_TASK DESCRIPTION_.
What you return should be only the lines in the entries below between the one holding "在这里我们建立两个自定义变量" and the one holding "Email from Grizzly", ends included, with every picture left out.

**** INPUT DATA ****

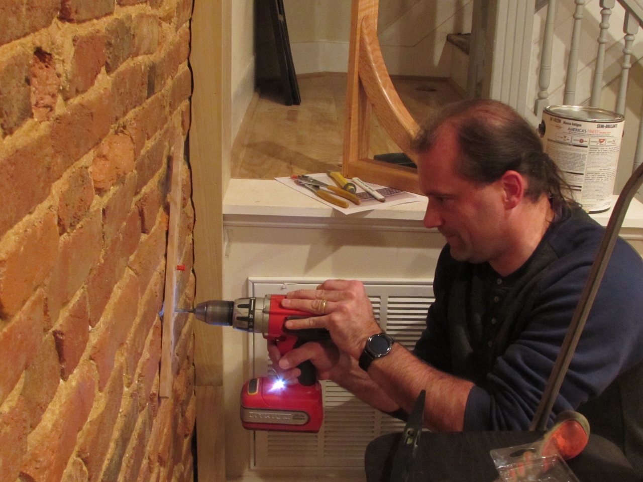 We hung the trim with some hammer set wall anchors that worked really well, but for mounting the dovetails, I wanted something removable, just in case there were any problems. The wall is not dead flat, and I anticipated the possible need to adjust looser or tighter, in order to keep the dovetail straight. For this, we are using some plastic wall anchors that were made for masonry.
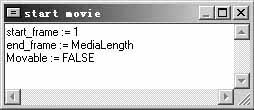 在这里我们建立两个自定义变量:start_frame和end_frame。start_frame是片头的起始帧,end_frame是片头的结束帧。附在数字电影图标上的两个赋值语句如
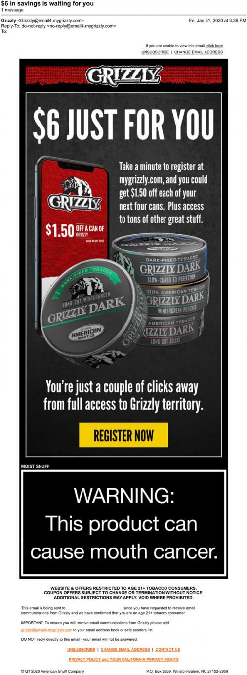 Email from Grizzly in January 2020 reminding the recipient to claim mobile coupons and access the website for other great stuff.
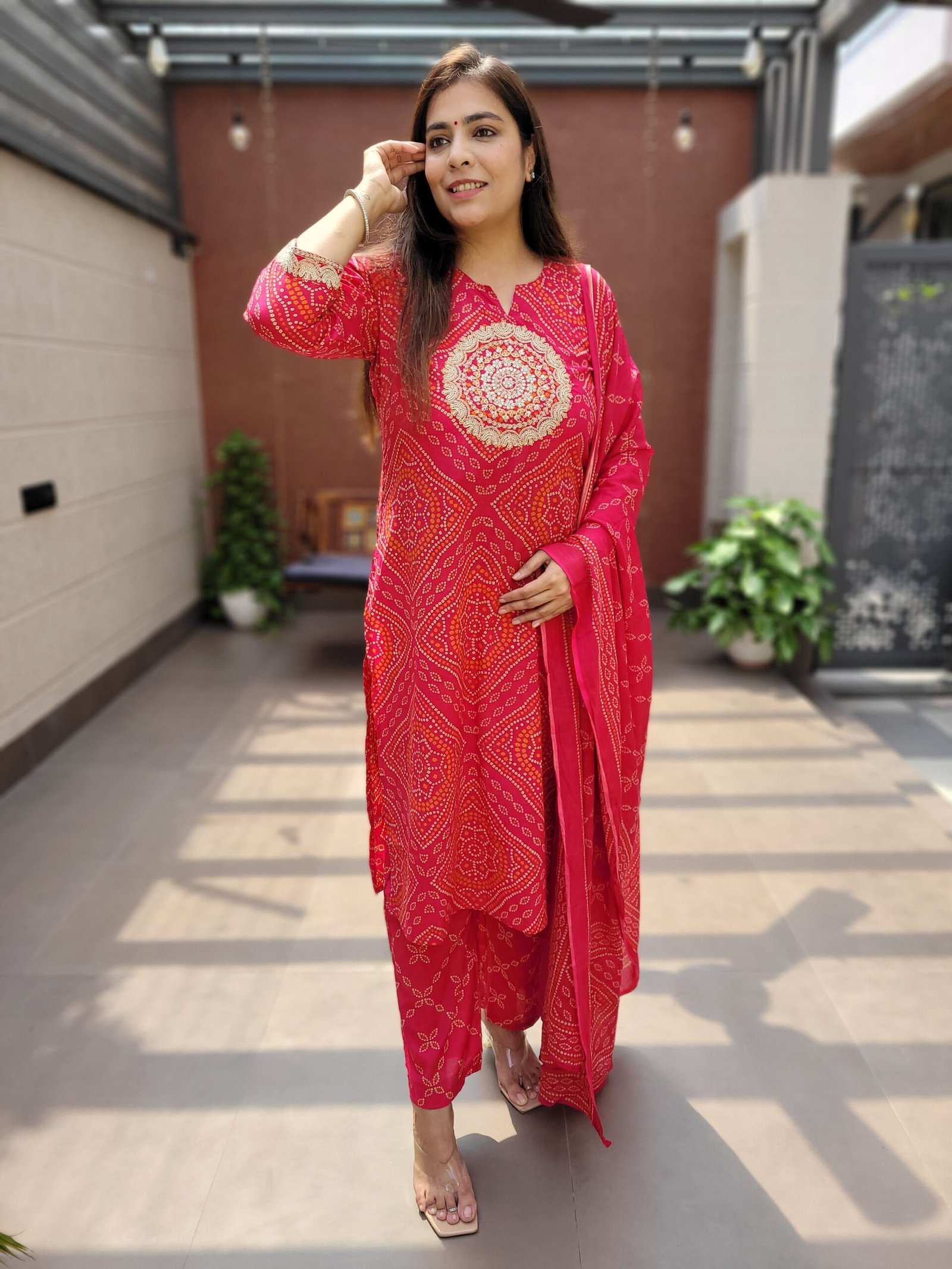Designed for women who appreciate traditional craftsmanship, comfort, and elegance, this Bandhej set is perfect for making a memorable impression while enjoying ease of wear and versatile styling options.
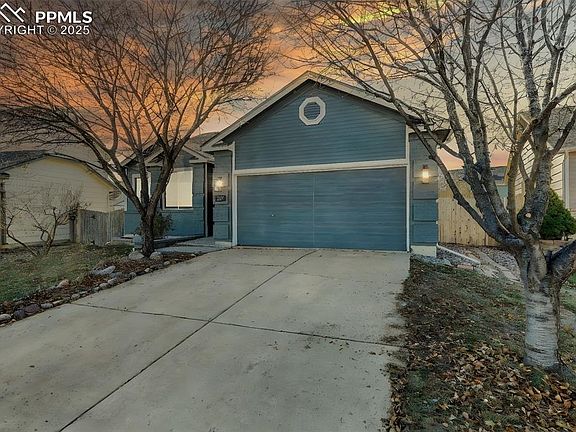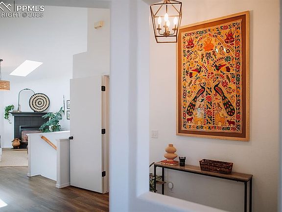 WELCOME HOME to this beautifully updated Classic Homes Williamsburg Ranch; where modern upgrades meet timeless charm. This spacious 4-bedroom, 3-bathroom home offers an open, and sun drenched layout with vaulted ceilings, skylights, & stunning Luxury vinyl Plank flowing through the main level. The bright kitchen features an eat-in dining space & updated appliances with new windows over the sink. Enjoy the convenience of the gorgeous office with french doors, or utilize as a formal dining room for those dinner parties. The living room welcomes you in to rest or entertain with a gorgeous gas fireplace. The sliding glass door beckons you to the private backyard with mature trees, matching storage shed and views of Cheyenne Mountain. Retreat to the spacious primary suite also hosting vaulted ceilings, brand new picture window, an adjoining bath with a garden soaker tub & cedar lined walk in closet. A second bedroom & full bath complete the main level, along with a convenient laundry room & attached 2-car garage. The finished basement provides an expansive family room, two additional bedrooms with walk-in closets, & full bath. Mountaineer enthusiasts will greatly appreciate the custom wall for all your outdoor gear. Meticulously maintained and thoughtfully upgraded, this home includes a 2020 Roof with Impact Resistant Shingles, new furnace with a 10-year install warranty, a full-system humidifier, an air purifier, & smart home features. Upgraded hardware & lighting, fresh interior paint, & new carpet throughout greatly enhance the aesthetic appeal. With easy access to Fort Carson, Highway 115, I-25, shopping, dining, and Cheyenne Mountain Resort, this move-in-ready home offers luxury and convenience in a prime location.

****

_TASK ANSWER_.
 在这里我们建立两个自定义变量:start_frame和end_frame。start_frame是片头的起始帧,end_frame是片头的结束帧。附在数字电影图标上的两个赋值语句如
 Email from Grizzly in January 2020 reminding the recipient to claim mobile coupons and access the website for other great stuff.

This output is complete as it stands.